This page shows you how to let an AI assistant (like Claude Code or Cursor) actually use Lemma. It’s the most important “how to plug it in” page, and we explain every term from scratch.

The big picture

Your AI assistant is good at writing things but knows no guaranteed science. The Lemma MCP server is a little program that gives the assistant new buttons to press — buttons that look things up in the cards and check work against them. You install it once, switch it on, and from then on the assistant can press those buttons whenever it needs to.

flowchart LR
  subgraph Runtime["Your AI assistant (Claude Code / Cursor / …)"]
    Model[the AI]
  end
  Model <-->|presses buttons / gets answers| MCP["Lemma MCP server"]
  MCP --> Engine[the checker]
  MCP --> Corpus[(the cards)]
  MCP --> RAG[(optional: a search database)]
  classDef c fill:#1e3a5f,stroke:#4a90d9,color:#fff;
  class MCP c;

Step 1 — install it

You need Node.js installed (the runtime that runs JavaScript programs; if you can run npx, you have it). Then:

Terminal window
npx @artano-ai/mcp-server

This downloads and starts the server. It will sit there quietly waiting — that’s normal. You won’t usually run it by hand; instead you tell your assistant to launch it for you, which is the next step. (Press Ctrl-C to stop it.)

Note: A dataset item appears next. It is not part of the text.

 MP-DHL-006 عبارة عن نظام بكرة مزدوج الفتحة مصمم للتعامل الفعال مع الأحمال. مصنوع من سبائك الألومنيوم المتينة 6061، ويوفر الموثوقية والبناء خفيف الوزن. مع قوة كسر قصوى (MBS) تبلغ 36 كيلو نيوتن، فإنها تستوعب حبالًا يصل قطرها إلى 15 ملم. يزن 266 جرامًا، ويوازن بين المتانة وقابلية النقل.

Step 2 — switch it on in your assistant

You “register” the server — meaning you tell your assistant where to find it — by adding a few lines to a settings file. For Claude Code the file is ~/.claude.json; for Cursor it’s ~/.cursor/mcp.json. (The ~ means your home folder.) Add this:

{
"mcpServers": {
"lemma": {
"command": "npx",
"args": ["@artano-ai/mcp-server"]
}
}
}

In plain words: “there’s a tool server called lemma; to start it, run npx @artano-ai/mcp-server.” Restart your assistant and it can now use Lemma.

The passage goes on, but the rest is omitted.